第１図はこの発明の一実施例による最適音源ベクトル探
索装置を示すブロック図、第２図は従来の最適音源ベク
トル探索装置を示すブロック図である。図において、１はＭ個のDFT音源ベクトルから構成され
る符号帳、２はDFT音源ベクトル、３は音源ベクトル予
備選択回路、４はDFT入力音声、５は評価重みフィルタ
係数、６は切換スイッチ、７は指定信号、８は第２の切
換スイッチ、９は音源ベクトル選択回路、10は最適音源
ベクトルコードである。なお図中同一符号は同一又は相当部分を示す。FIG. 1 is a block diagram showing an optimum sound source vector searching device according to an embodiment of the present invention, and FIG. 2 is a block diagram showing a conventional optimum sound source vector searching device. In the figure, 1 is a codebook composed of M DFT excitation vectors, 2 is a DFT excitation vector, 3 is an excitation vector preliminary selection circuit, 4 is a DFT input voice, 5 is an evaluation weight filter coefficient, 6 is a changeover switch, 7 is a designation signal, 8 is a second switch, 9 is a sound source vector selection circuit, and 10 is an optimum sound source vector code. In the drawings, the same reference numerals indicate the same or corresponding parts.

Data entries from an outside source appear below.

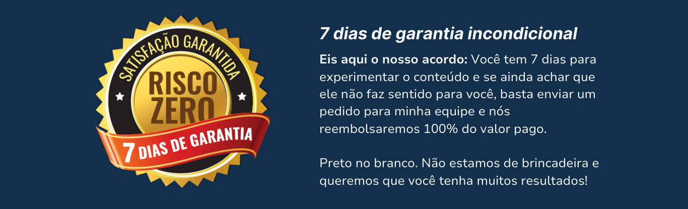 Você poderá optar por: Pix, Conta Hotmart ou Cartão de crédito em até 12 vezes.
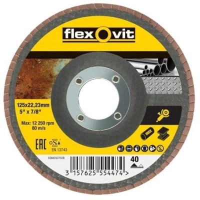 General description Flap discs from Flexovit are designed for use with angle grinders to sand contoured metal surfaces, blend welds, deburr, and finish castings. Their angled flaps allow more abrasive contact with the workpiece compared to conventional fiber discs, increasing efficiency and productivity. Technical specifications Coarse grade - 40 Grit Diameter: 125mm Suitable for metal, wood, and paint Supplied individually Compatibility and accessories Compatible with standard angle grinders Use with appropriate backing pads if necessary Installation Attach the flap disc securely to the angle grinder's spindle Ensure the disc is properly centered and tightened before use Usage Use with moderate pressure to achieve even sanding and finishing Operate at recommended speeds for safety and optimal results Wear appropriate personal protective equipment, including gloves and eye protection
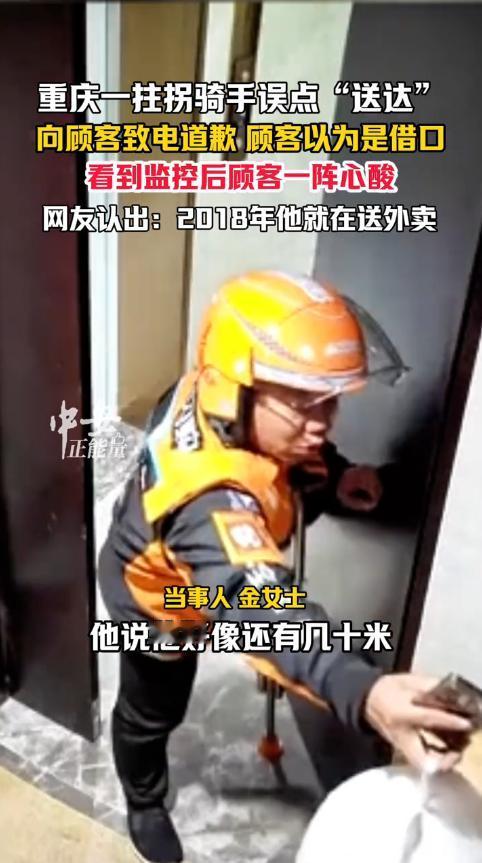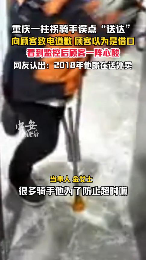 “看哭了!”11月23日,重庆,一女子中午点了份外卖,结果骑手还没送到,手机上就显示“已送达”,很快,骑手就打来电话,表示自己不小心点错了,很快就给送过来。女子本以为是对方找的借口,可见到骑手的那一刻,她却忍不住打赏。 外卖员每天都在大街小巷中奔波,人们已经见怪不怪了,而在这类人群中,也不乏一些身体残疾的人,他们身残志坚,依靠自己的双手努力活着! 这天,金女士在家休息,觉得中午下楼去吃饭有些麻烦,就拿起手机点了份外卖。 不一会儿,骑手就接单开始送货了,可是令金女士没想到的是,明明外卖还没到,手机上就显示送达了。她以为这是要超时了,骑手来不及送货使得小心思。 紧接着,骑手就打来电话,表示刚才操作时按错了,还有几十米的距离,让她不要着急。金女士则表示把外卖放门口就行,自己等会过去拿。 金女士又等了两三分钟,外卖就送到了,手机上的时间也没超时,这就让她很纳闷了,于是便看了一下监控,竟意外发现骑手是名残疾人! 金女士立即就感觉不好意思,人家这么努力的工作,自己却怀疑他,实在是抱歉,于是立即给骑手进行了打赏。 网友看后表示,残疾人就业不容易,外卖行业给了他们一个机会,他们也十分珍惜,做得丝毫不比正常人差! 信息来源:《11月23日,重庆。重庆一拄拐骑手误点“送达”,向顾客致电道歉,顾客以为是借口,看到监控后顾客一阵心酸。网友认出:2018年他就在送外卖。》中安在线
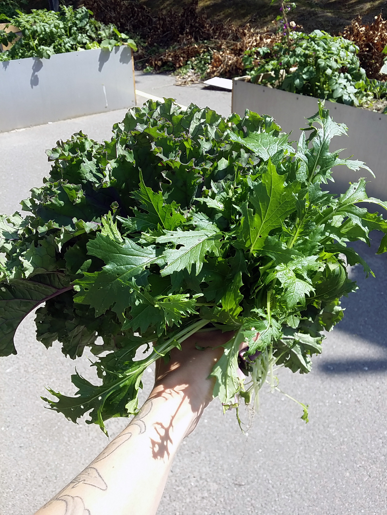 Þetta er uppskera úr Bella-garði. Þokkalega mikið af grænkáli og mísúna salati.
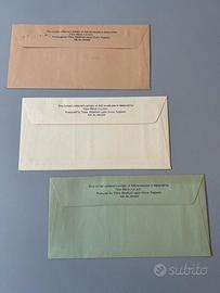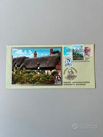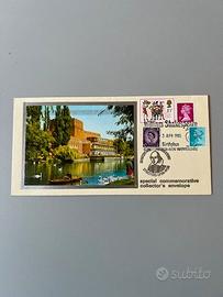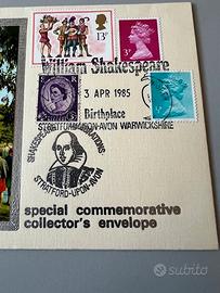 Tre buste commemorative con francobolli d'epoca per collezionisti, incentrate su William Shakespeare e i luoghi a lui associati a Stratford-upon-Avon. Le buste presentano francobolli e timbri postali commemorativi, emesse il 3 aprile 1985, in occasione di un anniversario della nascita di Shakespeare. Dimensioni 22 cm per 11 cm. La prima ha come immagine l'Anne Hathaway's Cottage, casa d'infanzia della moglie di Shakespeare, la seconda un'immagine del monumento a Shakespeare a Stratford-upon-Avon, la terza mostra il Royal Shakespeare Theatre e il fiume Avon. Perfettamente conservate, in condizioni impeccabili. Veri e propri pezzi per collezionisti. Preziose e introvabili. Bellissime.

フロントページの続き (56)参考文献特開昭59−99496（ＪＰ，Ａ) 特開昭62−139089（ＪＰ，Ａ) 特開昭59−77730（ＪＰ，Ａ) 特開昭59−94936（ＪＰ，Ａ)Continuation of front page (56) References JP-A-59-99496 (JP, A) JP-A-62-139089 (JP, A) JP-A-59-77730 (JP, A) JP-A-59-94936 (JP, A) , A)

Claims

(57) [Claims]

1. A mapped excitation codebook, a speech analysis means, and a first
, A second L-dimensional mapping means, an excitation vector preliminary selection means, and an optimal excitation vector search apparatus of a speech coding apparatus including the excitation vector selection means, wherein the mapped excitation codebook has an L-dimensional It has M mapped sound source vectors mapped to an L-dimensional distortion evaluation space that satisfies the three-dimensional orthogonal condition, and the first L-dimensional mapping means converts the input speech signal into the same L-dimensional distortion evaluation space as the mapped sound source vector. The audio signal is mapped and output to the sound source vector preliminary selecting means and the sound source vector selecting means as a mapped sound signal. The sound analyzing means analyzes the input sound signal to calculate a synthesis filter coefficient, and impulse of the synthesis filter coefficient. Calculates the response and outputs it to the second L-dimensional mapping means. The second L-dimensional mapping means converts the impulse response of the synthesis filter coefficient into the same L as the mapped sound source vector. It maps to the dimensional distortion evaluation space and outputs it to the sound source vector preliminary selecting means and the sound source vector selecting means as the evaluation weight filter coefficient. The sound source vector preliminary selecting means determines the magnitude of the absolute value of each component of the evaluation weight filter coefficient. L1 (L1 <L) dimension components are selected based on the L1 dimension components.
Using the evaluation weighting filter coefficient and the M mapped sound source vectors, select M1 (M1 <M) mapped sound source vectors having a small amount of distortion to the mapped sound signal. The sound source vector selecting means targets all L dimensions, From the M1 mapped sound source vectors selected by the sound source vector preliminary selecting means, one optimal mapped sound source vector with the least amount of distortion to the mapped sound signal is selected using the evaluation weighting filter coefficient and the M1 mapped sound source vectors. An optimal sound source vector search device.